The latest in a series of exhibitions
Inside the White Cube, organised since 2011 at White Cube to showcase work by artists not represented or previously exhibited by the gallery, is
Donna Huddleston: Company. Though she has presented her drawings to the public before – including at the Drawing Room in 2019 – this solo exhibition is the first time Huddleston has ever shown paintings, revealing a suite of new large-scale acrylic works.

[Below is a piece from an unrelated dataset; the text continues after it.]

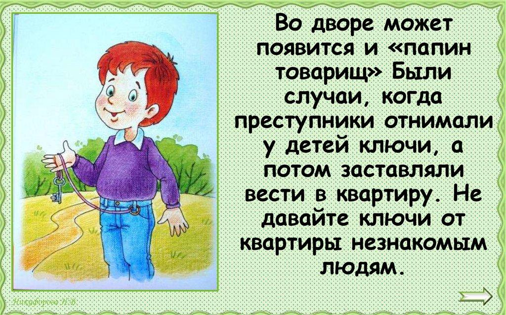 Не заходи в лифт, если в нём незнакомыйтебе человек. А если какой-то незнакомец захочет зайти с тобой в лифт,

Huddleston’s background is in set and costume design, and this becomes apparent in her approach, where drawing characters and their clothing is the beginning of rich and exploratory worlds, creating a sense of play and possibility, stylistically influenced by the technical drawings she used to do at theatre design school, graphic, flat and meticulously constructed fabulations. The scale of the figures Huddleston has made for
Company also ventures into new ground; this time she’s worked at life size, so the figures feel present in the room. Though they touch on references taken from film, theatre, literature and classical painting, the characters are difficult to pin down to a time or place, inviting projection and imagination.
They might also be seen as self-portraits of the artist, to an extent. “When you paint figures there’s always an element of yourself in them.” Huddleston has said. “There’s an element of yourself in everything. I do find my face can appear in some pictures. I’m physically feeling the figure as I paint them – their posture, their stance, their composition. So I think naturally I place myself into them.”